Each line from the one containing "- Salmão fresco" to the end of the material below is to be restated exactly, with pictures skipped.

• Data excerpt:
┌──

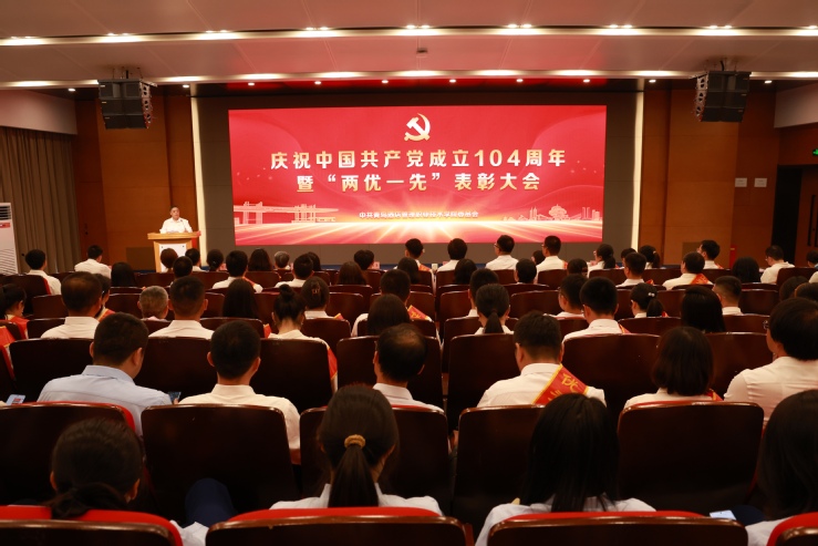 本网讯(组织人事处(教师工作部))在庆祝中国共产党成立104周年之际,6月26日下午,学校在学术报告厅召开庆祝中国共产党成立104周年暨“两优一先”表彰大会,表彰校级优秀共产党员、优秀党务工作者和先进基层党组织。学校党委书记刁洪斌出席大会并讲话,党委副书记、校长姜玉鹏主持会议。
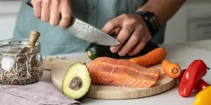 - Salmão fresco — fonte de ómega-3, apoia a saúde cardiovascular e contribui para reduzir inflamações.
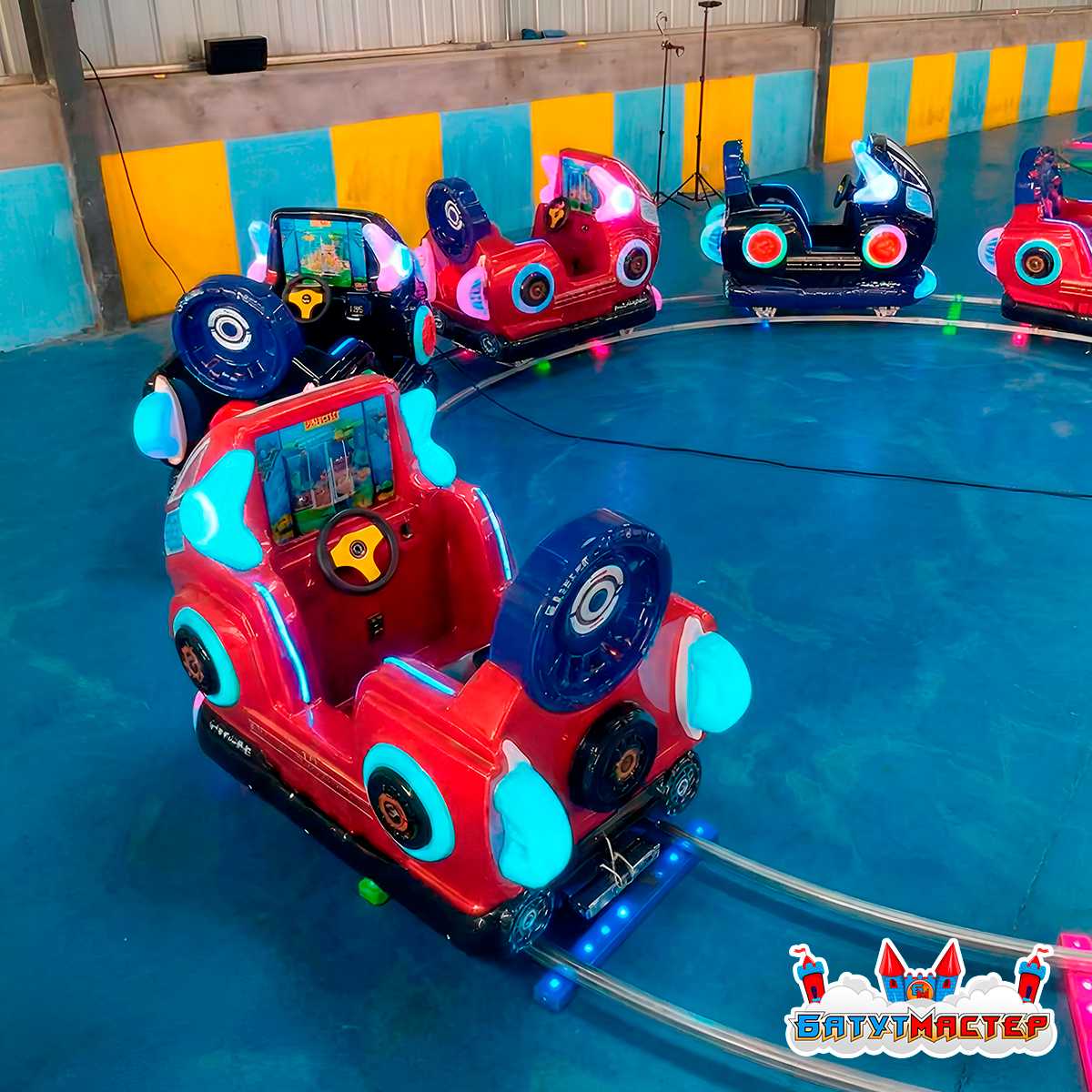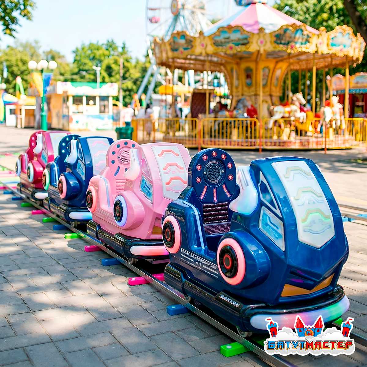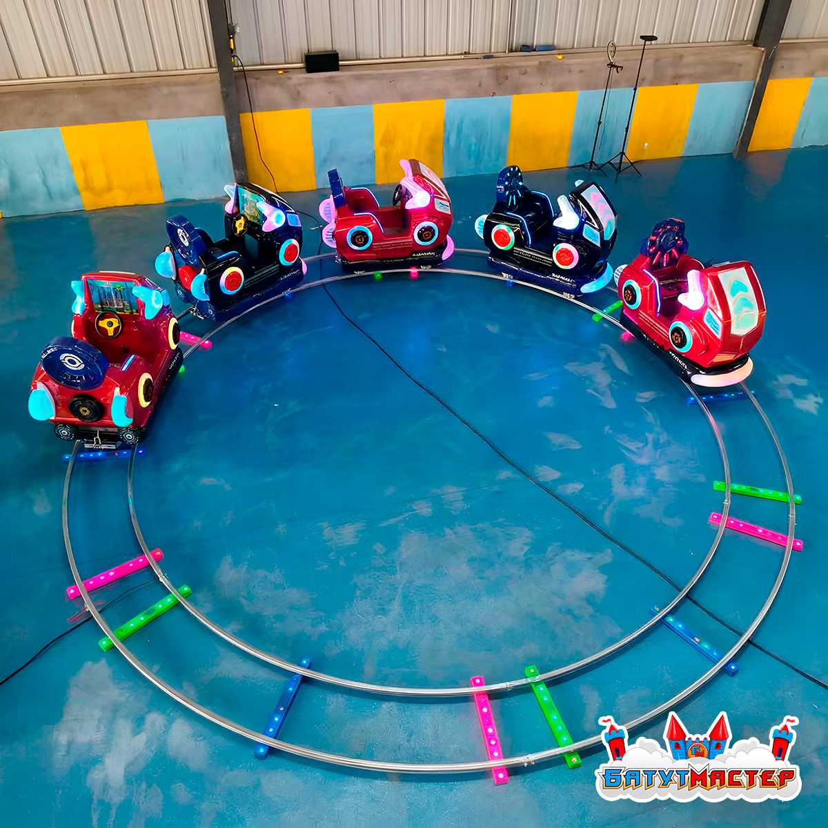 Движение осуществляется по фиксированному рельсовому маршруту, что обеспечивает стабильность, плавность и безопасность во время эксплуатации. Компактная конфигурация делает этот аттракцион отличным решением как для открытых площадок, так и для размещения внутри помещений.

└──

• Exercise result:
 - Salmão fresco — fonte de ómega-3, apoia a saúde cardiovascular e contribui para reduzir inflamações.
 Движение осуществляется по фиксированному рельсовому маршруту, что обеспечивает стабильность, плавность и безопасность во время эксплуатации. Компактная конфигурация делает этот аттракцион отличным решением как для открытых площадок, так и для размещения внутри помещений.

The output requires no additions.